Segwaba also suggested Matobako shouldn’t absolve himself from the Mazars report because he was on the FSSC executive during the period under scrutiny. 

He also pointed out the Mazars document was a management report and not a forensic audit. 

No employment contract found

The Mazars report was completed alongside the audit for the year ending March 31, 2016, after spotting matters they believed “to be of significance to the accounts”.

Among the problems was that the president and CEO of the FSSC was the same person, which the auditors said was contrary to the codes of good practice of SA non-profit organisations because the CEO was accountable to the president and the executive. 

Mazars also said no employment contract for the CEO/president could be found. 

Segwaba’s presidency ended in 2016, with the election of the executive that has now been controversially dissolved, but he continued as CEO until 2019. 

Transactions totalled R4m

Procurement procedures were red-flagged, with supporting documentation sometimes not including any quotations, let alone the three required. 

Mazars listed 14 such problematic transactions in the 2014/15 financial year totalling more than R653,000 and 24 transactions in the following 12-month period totalling more than R3.4-million. 

The auditing firm found a R2m shortfall in a service level agreement where the FSSC’s role was simply to transfer funds from provincial and local governments to Volleyball SA (VSA). 

The agreement stated R10m, but actual funds moved were R8m. The Mazars report said Segwaba had explained at the time that the provincial government had made an error with their contribution and the Mangaung municipality was still to pay R1m, “but this was also never documented or captured in the financial statements as a receivable”.

“No detail could be provided as for the expenditure of the R8m paid from the FSSC’s account to VSA. The only detail available was two payments of R4m each out of FSSC’s bank account.” 

Mazars also found that:

— Supplier statements were either not received at all or “not received on a timely basis to perform period end reconciliations”; 

— Financial interests of directors were not being declared properly, and in 2015 an executive member’s company supplied services to the FSSC, “but it was not noted as a related party transaction”;

— Executive meetings were not being adequately minuted, and in 2015 only three such meetings were held and no annual general meeting was arranged; and, 

— The CEO had failed to maintain various policies, notably those on human resources including remuneration issues, and appointments and training of staff. 

Mahasa dissolved the FSSC executive on December 1 and appointed an administrator because the organisation had failed to have its elections before November 30. 

Administrator acts ahead of arbitration

She refused to recognise the special general meeting on December 5 that decided to hold a March 6 ballot. Mahasa also pointed out that the FSSC was late with its financial statements. 

Matobako countered by accusing Segwaba of handing over financial access only in late 2019, although Segwaba denies this. 

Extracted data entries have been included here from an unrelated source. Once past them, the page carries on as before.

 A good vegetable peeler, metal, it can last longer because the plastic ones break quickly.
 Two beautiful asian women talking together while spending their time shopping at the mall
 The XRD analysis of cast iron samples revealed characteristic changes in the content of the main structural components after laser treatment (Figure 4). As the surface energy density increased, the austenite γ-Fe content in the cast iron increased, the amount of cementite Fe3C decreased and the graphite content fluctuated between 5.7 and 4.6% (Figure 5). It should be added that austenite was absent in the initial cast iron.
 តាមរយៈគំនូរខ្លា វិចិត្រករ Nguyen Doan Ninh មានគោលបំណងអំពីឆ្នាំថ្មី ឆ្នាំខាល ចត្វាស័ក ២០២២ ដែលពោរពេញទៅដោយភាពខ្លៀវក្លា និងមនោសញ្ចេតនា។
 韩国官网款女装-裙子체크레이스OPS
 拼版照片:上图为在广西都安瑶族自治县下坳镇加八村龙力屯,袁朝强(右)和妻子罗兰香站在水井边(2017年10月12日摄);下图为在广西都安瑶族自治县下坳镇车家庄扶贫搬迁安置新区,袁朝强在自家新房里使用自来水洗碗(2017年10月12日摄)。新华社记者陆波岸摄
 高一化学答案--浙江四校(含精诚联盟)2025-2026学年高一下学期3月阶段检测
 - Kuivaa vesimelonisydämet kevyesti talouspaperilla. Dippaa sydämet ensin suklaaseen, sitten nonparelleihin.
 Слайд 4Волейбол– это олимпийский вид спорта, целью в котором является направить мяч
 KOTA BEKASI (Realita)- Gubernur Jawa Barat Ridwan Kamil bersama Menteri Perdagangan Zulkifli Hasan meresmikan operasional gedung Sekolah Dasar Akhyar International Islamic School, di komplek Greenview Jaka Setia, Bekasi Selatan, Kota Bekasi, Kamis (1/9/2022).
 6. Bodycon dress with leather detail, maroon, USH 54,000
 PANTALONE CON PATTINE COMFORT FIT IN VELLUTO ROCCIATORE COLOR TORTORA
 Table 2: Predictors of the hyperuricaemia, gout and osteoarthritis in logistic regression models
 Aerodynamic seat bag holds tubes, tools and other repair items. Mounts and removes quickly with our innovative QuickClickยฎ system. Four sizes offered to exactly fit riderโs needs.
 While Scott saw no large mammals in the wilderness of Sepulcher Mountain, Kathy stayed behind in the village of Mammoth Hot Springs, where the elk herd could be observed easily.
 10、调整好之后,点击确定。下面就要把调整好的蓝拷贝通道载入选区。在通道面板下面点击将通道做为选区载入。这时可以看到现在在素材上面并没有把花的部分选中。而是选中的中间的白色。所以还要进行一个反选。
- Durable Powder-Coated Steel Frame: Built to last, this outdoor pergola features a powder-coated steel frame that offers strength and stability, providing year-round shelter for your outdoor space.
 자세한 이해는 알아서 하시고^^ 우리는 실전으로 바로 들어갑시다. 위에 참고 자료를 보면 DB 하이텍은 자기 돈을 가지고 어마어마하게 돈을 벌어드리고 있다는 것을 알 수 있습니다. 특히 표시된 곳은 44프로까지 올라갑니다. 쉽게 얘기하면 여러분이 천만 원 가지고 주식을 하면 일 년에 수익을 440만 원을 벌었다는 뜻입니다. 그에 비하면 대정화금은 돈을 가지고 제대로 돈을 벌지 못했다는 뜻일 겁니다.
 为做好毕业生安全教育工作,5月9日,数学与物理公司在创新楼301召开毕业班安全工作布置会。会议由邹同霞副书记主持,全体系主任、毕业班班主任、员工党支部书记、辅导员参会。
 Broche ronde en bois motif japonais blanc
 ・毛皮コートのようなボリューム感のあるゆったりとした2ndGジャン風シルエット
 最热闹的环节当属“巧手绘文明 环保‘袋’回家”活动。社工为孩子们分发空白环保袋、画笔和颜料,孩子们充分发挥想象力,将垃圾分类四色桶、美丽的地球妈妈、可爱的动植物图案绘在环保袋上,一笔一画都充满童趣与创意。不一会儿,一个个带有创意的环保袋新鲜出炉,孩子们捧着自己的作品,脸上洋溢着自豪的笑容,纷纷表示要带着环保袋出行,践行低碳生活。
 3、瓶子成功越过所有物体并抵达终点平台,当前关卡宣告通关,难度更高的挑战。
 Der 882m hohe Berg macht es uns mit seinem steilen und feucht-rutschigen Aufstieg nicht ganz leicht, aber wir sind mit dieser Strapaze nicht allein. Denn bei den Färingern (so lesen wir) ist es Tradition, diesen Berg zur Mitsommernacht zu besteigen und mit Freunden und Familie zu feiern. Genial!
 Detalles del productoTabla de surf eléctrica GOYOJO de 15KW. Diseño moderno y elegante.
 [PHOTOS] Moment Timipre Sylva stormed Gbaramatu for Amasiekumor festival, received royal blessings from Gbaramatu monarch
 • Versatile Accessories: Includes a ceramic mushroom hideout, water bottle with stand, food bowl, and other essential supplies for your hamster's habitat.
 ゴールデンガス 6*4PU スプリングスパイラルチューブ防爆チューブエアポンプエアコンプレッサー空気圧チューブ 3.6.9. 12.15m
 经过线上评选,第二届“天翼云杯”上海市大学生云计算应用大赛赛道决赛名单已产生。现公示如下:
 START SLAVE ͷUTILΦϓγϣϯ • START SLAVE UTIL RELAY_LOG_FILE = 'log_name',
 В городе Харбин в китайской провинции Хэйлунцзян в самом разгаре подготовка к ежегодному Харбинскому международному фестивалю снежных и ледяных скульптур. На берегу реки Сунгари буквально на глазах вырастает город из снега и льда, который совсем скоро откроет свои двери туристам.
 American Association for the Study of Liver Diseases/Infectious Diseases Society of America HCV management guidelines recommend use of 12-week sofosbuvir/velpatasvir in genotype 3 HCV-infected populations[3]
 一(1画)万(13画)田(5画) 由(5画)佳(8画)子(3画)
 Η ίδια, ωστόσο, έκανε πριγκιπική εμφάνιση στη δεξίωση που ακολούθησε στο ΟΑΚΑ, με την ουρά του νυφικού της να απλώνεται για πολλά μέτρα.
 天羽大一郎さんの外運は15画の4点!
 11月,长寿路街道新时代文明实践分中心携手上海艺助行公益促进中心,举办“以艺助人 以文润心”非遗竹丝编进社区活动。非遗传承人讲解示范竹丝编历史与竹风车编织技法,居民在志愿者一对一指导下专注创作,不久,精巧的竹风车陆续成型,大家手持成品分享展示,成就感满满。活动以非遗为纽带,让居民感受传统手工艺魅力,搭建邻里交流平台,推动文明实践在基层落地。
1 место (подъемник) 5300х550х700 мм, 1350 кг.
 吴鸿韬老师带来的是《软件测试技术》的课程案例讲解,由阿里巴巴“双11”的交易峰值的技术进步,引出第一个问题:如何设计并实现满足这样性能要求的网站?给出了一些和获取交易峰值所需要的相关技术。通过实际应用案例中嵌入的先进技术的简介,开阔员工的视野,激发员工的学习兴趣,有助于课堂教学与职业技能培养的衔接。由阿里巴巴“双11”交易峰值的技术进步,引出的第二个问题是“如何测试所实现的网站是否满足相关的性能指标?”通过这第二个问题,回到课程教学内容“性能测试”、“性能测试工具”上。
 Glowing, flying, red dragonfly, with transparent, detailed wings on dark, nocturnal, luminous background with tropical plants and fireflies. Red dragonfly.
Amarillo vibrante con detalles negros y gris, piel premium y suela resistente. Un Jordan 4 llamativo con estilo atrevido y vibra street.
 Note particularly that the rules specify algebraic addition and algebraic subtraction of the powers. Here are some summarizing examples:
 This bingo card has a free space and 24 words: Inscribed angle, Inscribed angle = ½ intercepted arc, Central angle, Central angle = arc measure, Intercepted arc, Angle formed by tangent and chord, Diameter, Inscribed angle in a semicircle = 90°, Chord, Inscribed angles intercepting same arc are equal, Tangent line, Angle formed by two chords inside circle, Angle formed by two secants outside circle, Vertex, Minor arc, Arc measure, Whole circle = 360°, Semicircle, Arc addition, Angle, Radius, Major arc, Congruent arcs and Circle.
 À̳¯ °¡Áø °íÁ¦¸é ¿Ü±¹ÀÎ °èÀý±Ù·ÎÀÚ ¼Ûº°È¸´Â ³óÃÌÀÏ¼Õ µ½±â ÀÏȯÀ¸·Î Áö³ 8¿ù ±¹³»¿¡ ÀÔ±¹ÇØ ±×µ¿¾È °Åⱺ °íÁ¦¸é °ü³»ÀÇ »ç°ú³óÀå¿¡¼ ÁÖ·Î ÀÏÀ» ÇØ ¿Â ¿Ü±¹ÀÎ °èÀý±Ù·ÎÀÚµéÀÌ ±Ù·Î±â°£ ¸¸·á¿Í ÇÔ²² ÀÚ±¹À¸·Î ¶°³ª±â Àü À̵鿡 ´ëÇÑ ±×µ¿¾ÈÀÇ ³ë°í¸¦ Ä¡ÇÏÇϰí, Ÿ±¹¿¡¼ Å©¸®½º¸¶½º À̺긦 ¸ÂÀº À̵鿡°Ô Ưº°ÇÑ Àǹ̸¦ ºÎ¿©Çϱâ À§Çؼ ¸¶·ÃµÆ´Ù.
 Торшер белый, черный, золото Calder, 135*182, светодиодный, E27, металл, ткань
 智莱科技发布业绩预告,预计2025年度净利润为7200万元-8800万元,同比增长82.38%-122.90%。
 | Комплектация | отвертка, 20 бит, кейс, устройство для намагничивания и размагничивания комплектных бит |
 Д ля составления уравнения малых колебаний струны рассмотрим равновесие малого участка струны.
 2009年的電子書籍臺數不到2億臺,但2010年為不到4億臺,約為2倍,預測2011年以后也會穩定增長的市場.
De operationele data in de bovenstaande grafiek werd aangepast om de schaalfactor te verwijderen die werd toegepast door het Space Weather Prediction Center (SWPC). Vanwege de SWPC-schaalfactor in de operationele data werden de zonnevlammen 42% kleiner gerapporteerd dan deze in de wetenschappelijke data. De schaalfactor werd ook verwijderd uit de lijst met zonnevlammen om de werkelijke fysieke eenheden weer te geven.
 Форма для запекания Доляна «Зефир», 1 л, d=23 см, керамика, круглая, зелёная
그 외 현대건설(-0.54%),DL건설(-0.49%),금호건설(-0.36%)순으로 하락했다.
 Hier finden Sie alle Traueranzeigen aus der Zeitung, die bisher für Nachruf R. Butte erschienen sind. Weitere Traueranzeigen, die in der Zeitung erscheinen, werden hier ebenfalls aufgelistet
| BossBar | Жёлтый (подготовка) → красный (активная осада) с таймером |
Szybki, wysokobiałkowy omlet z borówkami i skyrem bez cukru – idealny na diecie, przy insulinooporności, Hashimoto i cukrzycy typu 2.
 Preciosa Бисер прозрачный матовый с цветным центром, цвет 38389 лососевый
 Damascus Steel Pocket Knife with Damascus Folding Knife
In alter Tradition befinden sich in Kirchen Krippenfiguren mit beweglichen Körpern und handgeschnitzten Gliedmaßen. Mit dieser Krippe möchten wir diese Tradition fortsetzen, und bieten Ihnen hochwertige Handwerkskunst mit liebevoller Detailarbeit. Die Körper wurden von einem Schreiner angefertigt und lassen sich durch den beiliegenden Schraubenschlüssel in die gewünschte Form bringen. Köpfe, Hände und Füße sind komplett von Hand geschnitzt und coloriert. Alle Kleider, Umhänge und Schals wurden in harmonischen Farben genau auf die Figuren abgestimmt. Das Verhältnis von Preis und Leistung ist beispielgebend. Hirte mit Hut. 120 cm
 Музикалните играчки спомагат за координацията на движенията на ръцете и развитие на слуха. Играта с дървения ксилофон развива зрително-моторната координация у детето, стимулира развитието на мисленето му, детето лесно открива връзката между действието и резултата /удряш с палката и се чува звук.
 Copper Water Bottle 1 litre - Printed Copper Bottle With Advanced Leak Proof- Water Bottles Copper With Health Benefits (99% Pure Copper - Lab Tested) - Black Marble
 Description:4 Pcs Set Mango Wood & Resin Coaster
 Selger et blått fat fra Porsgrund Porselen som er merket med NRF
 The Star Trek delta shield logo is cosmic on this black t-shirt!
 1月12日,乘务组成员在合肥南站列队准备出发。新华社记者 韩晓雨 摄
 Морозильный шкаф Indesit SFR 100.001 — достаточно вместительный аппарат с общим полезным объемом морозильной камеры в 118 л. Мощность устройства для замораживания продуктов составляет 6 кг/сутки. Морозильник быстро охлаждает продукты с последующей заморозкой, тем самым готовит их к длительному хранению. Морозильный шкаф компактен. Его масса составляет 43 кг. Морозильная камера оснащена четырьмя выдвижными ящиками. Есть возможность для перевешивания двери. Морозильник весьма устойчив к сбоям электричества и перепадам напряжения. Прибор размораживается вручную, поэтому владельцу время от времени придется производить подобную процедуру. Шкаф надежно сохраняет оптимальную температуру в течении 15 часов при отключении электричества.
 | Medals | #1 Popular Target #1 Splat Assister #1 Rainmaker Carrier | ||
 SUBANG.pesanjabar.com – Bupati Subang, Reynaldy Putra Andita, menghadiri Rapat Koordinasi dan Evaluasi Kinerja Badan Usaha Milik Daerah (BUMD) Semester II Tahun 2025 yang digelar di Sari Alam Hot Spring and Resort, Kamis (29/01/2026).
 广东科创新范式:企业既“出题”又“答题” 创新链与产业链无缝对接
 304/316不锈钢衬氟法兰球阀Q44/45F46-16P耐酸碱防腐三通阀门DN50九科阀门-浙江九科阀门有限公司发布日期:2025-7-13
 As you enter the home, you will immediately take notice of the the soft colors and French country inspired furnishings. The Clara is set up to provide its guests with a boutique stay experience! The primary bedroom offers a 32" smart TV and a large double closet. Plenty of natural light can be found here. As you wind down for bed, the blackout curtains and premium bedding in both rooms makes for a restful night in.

In the most recent development, the MEC’s administrator, Kagisho Moeca, wrote to the FSSC’s lawyers telling them to withdraw as the attorneys of record in Segwaba’s CCMA matter. 

“The dissolved executive committee and president … no longer have the necessary authority to bind the FSSC or to furnish your office with any instructions on behalf of the FSSC,” he wrote.  

“I want to caution your client not to utilise any government funding that was transferred to the FSSC for any legal expenses and failure to do so will lead to criminal action against the perpetrators.

“I will accordingly deal with both these matters going forward.”

Moeca declined to comment and forwarded TimesLIVE to provincial department officials who didn’t respond to comment. 

Both Segwaba and Matobako said they intended being represented at the CCMA hearing on Monday.